We’ve barely had time to process the cold-blooded, calculated shootings in Buffalo. In less than a month there have been nearly fifty more mass shootings in the U.S. The reality of thirteen Black people being gunned down by a white racist is buried in the news feed much like the ten victims who’ve been laid to rest. We barely had time to reflect on the deadly intentionality of the Buffalo massacre.

Payton Gendron was on a racist rampage to kill Black people. He had done his homework, researching his target for months. Thanks to structural racism and subsequent segregation, Gendron’s mission was made easier by selecting the Buffalo area with a high concentration of Black residents. Zip code 14208.

The shooter chose Tops Friendly Market because of its political and social significance to the African American community. The grocery store was the effort of a decades-long fight by that community in the midst of a food desert. Finally opening in 2003, the market was centered in community. Tops Friendly Market was a cherished landmark for the Black community in Buffalo.

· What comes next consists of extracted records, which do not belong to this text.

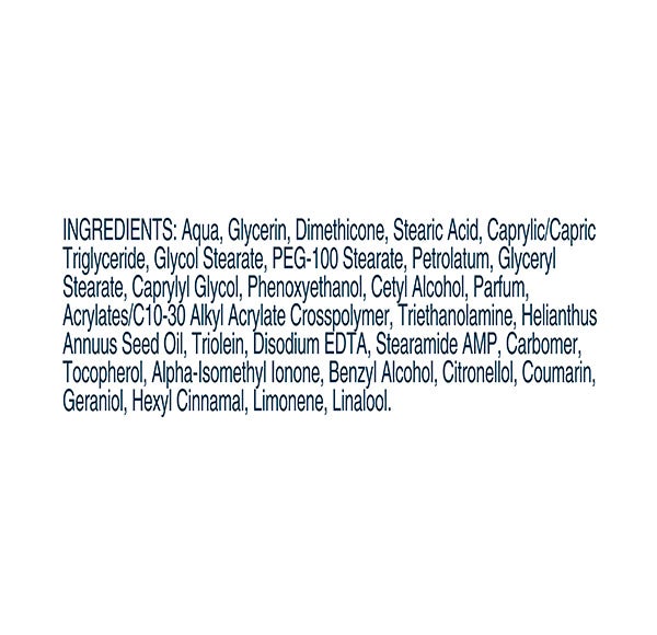 Aqua, Glycerin, Stearic Acid, Caprylic/Capric Triglyceride, Dimethicone, Glycol Stearate, PEG-100 Stearate, Cyclopentasiloxane, Petrolatum, Collagen Amino Acids, Helianthus Annuus Hybrid Oil, Isomerized Linoleic Acid, Lactic Acid, Potassium Lactate, Sodium PCA, Urea, Glyceryl Stearate, Stearamide AMP, Triethanolamine, Acrylates/C10-30 Alkyl Acrylate Crosspolymer, Carbomer, Cetyl Alcohol, Disodium EDTA, Parfum, Methylparaben, Phenoxyethanol, Propylparaben, Alpha-Isomethyl Ionone, Benzyl Alcohol, Butylphenyl Methylpropional, Citronellol, Coumarin, Geraniol, Hexyl Cinnamal, Hydroxyisohexyl 3-Cyclohexene Carboxaldehyde, Limonene, Linalool, CI 77891.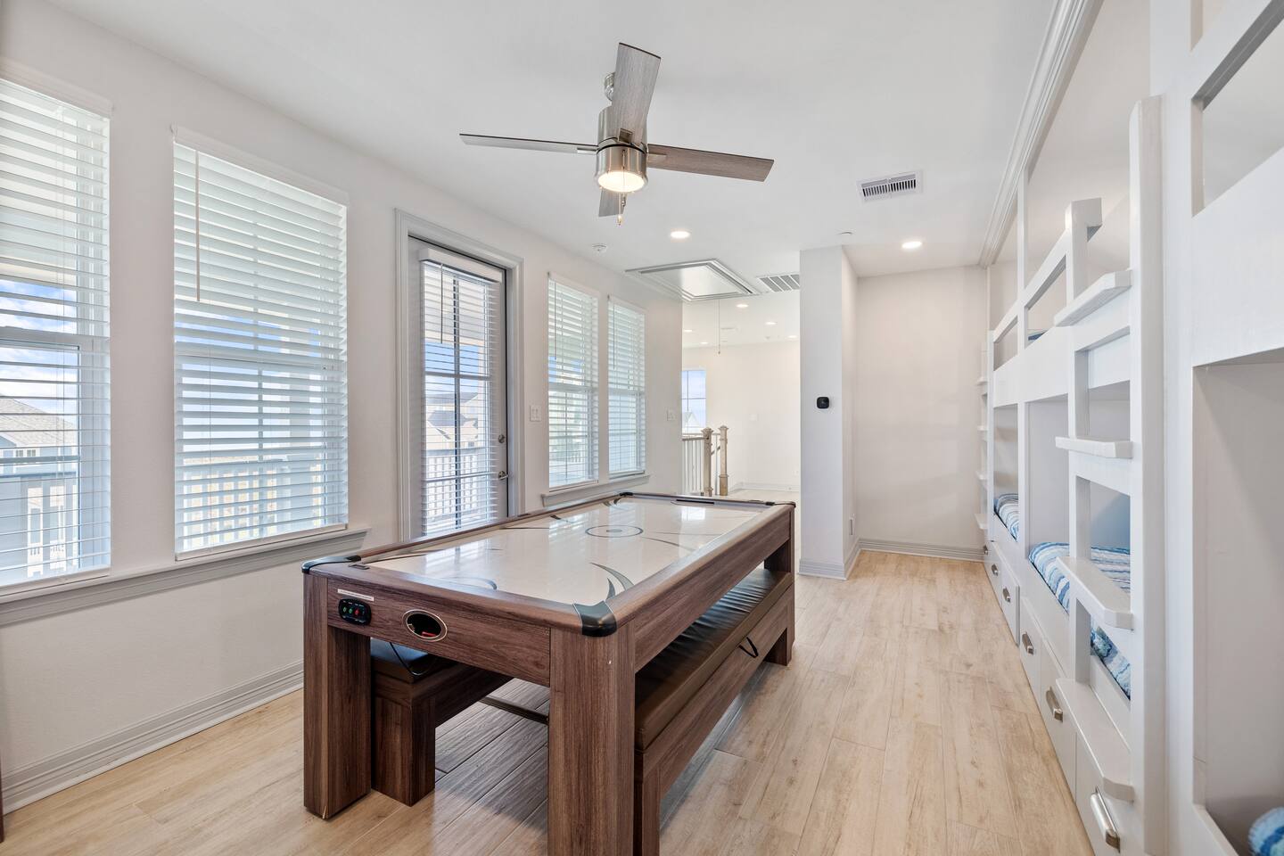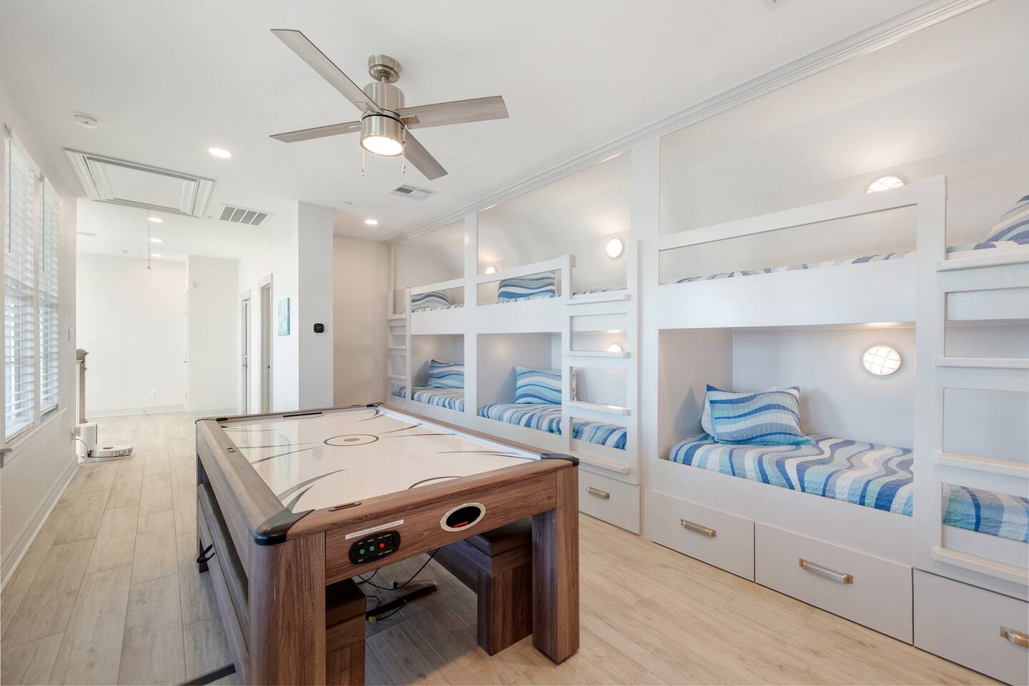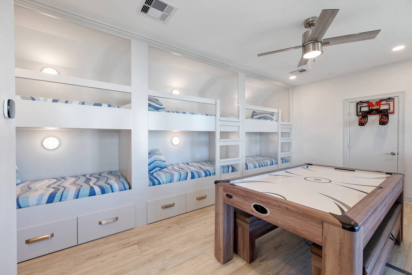 This 4,000 square feet luxurious beach home is equipped with countless thoughtful touches and can accommodate up to 16 guests (maximum 10 adults) making it the perfect choice for a larger group of family or friends. An in-home elevator that services the lower three levels is a fantastic perk to bring luggage or groceries upstairs using the provided cart. The bright and airy open living area has plenty of comfortable seating for relaxing, watching TV or enjoying the beach view. A great feature for guests that enjoy entertaining is a wet bar with a beverage cooler. In the beautiful kitchen, cook with ease using the top-of-the-line appliances such as a 48-inch gas range and double oven or appreciate other kitchen bonuses such as a high-volume ice maker (one of three in the house) that ensures a steady supply of ice for drinks for your entire group. Meal preparation is easy and convenient in this well-stocked kitchen and there is plenty of space for the whole group to dine together at the dining table, oversized kitchen island, or even at the Polywood dining table on the front deck! When it is time to unwind for the day, retreat to one of the five comfortable bedrooms all with en-suite bathrooms. There's one master bedroom on the main floor and two additional master bedrooms on the third floor, one of which is the main master bedroom. The main master boasts a walk-in closet, beach facing deck access, and an expansive bathroom with a spa-like feel including dual shower heads and a soaking tub. Additionally, there is a dedicated workspace in the master bedroom, where vacationers can work from the beach with ease. With free high-speed WiFi and central air conditioning, you'll have everything you need to stay connected and comfortable while enjoying your vacation. The fourth floor is the perfect escape for kids offering bunk beds that sleep 6, an air hockey/Ping-Pong table, basketball hoop, and a crow’s nest with a telescope facing the gulf. A washer and dryer are a great convenience for washing beach towels or swimsuits and makes packing less stressful. The entertainment options in this home are endless and include an Xbox One with Kinect in the media room, 4K Smart TVs throughout the home to watch a movie of your choice (with Xfinity cable, Netflix, Hulu, Amazon Prime, and Disney+), or technology free board games, books, or puzzles. Undoubtedly, one of the best parts of this home are the amazing four levels of decks/outdoor space where you can take in breathtaking sunrises and sunsets. On the ground level there is an outdoor shower perfect for washing away the sand after a trip to the beach, a 32-inch marine grade gas grill, a fire pit perfect for smores making, hammock swings to unwind in and a closet especially for guests filled with a wagon, beach chairs, boogie boards and other beach toys. A ChargePoint Level 2 EV charger is available for use in the garage and is a valuable “extra” for guests with electric vehicles. This vacation home is equipped with a range of safety features to ensure a comfortable and secure stay for guests. A whole-house water filtration system and three whole-house MERV 13 air filtration units, equipped with UVC technology, eliminate bacteria and viruses, providing clean air and water for guests. Tamper-proof outlets throughout the home and retractable gates for stairs keep children and safe and secure, while a next-generation firewall ensures a safe internet experience. All of these features work together to create a safe and secure vacation home experience. As part of Pointe West Resort, this home provides access to resort amenities (with wristband purchase) that include a pool with infinity ledge, kids' pool, lazy river, game room, basketball court, pickleball court, and a fitness center. Don’t wait! Book your stay at Serene Shores now and create unforgettable memories with your loved ones!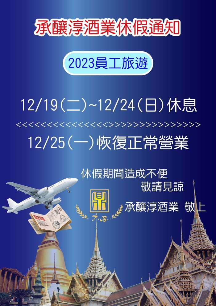 承釀淳酒業~休假通知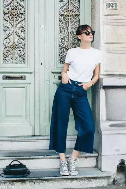 Blue denim with white, match made in heaven. Three-quarter wide-leg pants paired with a white T look refreshing.
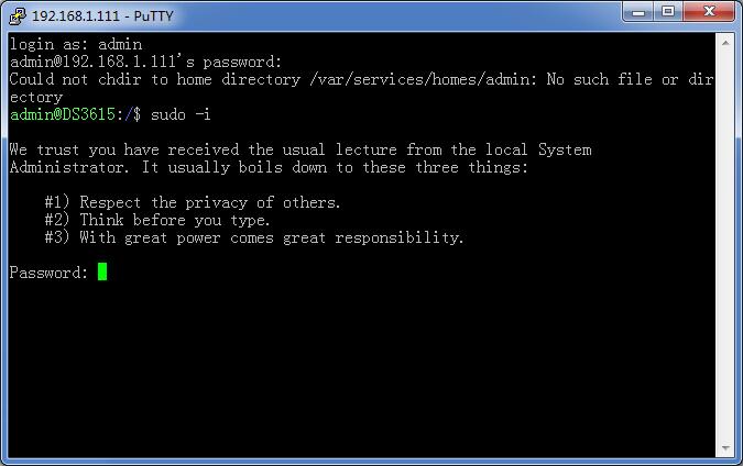 4、登录用户写admin,密码为admin用户登录群晖的密码(输入密码时,屏幕不会有任何显示,无需理会,输完按回车即可);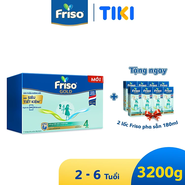 Sữa Bột Frisolac Gold 4 - Giai Đoạn 1 là sản phẩm dinh dưỡng công thức dành cho trẻ từ 2-6 tuổiFrisolac Gold 4 cung cấp đa vi chất dinh dưỡng vitamin A, C, E và các chất khoáng selen, kẽm, 5 loại nucleotit và chất xơ GOS giúp hỗ trợ sức khỏe đường ruột của trẻ, và DHA, AA hỗ trợ phát triển trí não.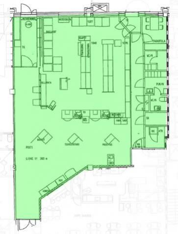 Sisältää sosiaalitilat ja wc:t. Ei taivu esim. ravintolaksi.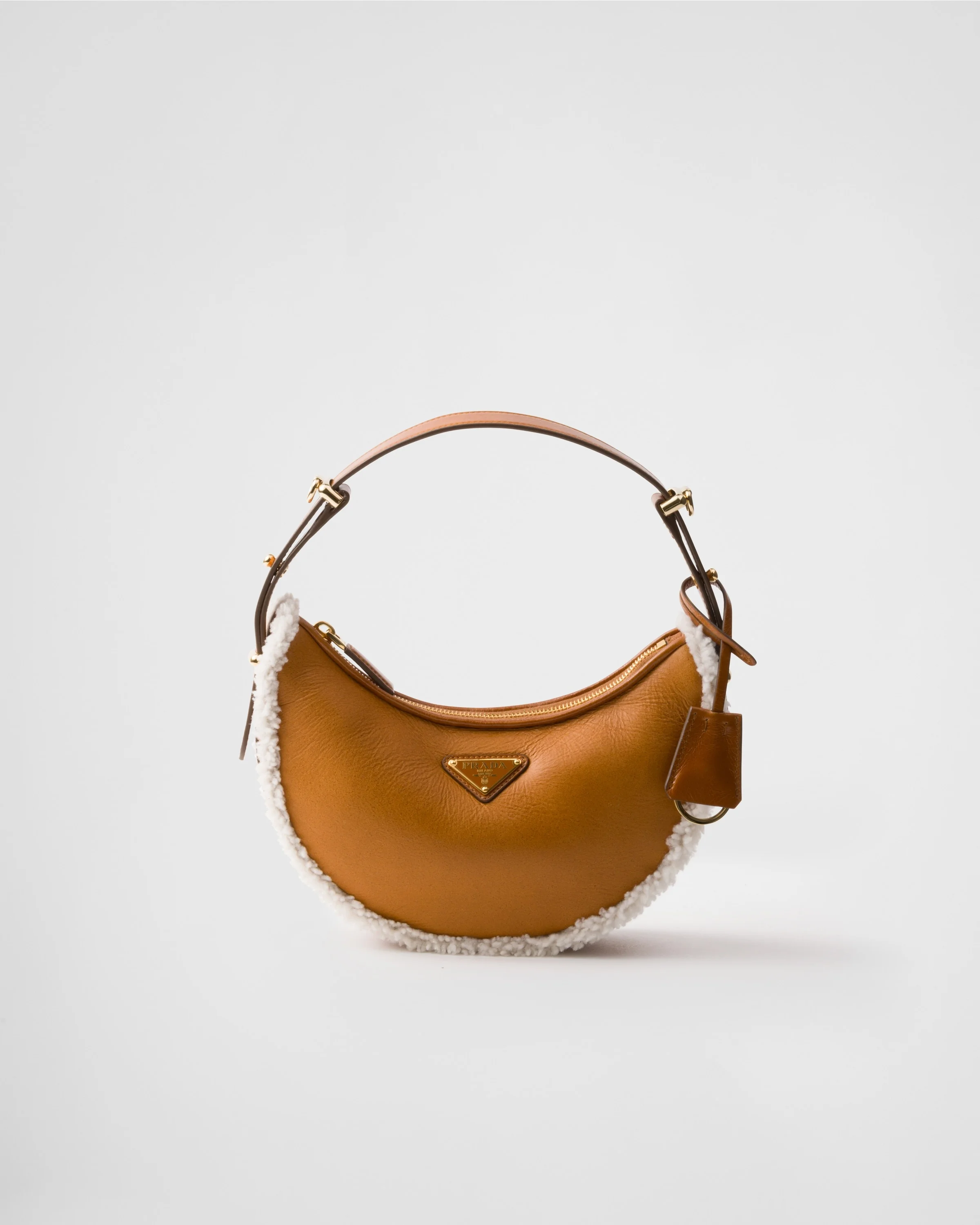 This sleek leather bag has versatile, modernist allure. The accessory with a sinuous silhouette is embellished with soft shearling and a detachable shoulder strap for versatile wear. - Product code: 1BC194_2CTT_F036S_V_OOX - Detachable, adjustable leather handle - Detachable, adjustable leather shoulder strap. Maximum length 93 cm - Minimum length 83 cm - Maximum drop 60 cm - Minimum drop 55 cm - Removable key ring - Metal hardware - Enameled metal triangle logo on the front - Zipper closure - Unlined - Imported Height: 18.5cm Width: 22.5cm Length: 6cm MATERIALS Main material: Lambskin

There still needs to be a serious discussion about gun control in America and the role of guns in our society. We own more guns per capita than any other country. Is there a way to keep racist white men from legally buying guns and using them on us at will? I think there is.

We should expose white domestic terrorists hiding behind the First and Second Amendments to justify their acts. Their rhetoric is designed to chill any discussion about why they should be able to spew their racist vitriol 24/7.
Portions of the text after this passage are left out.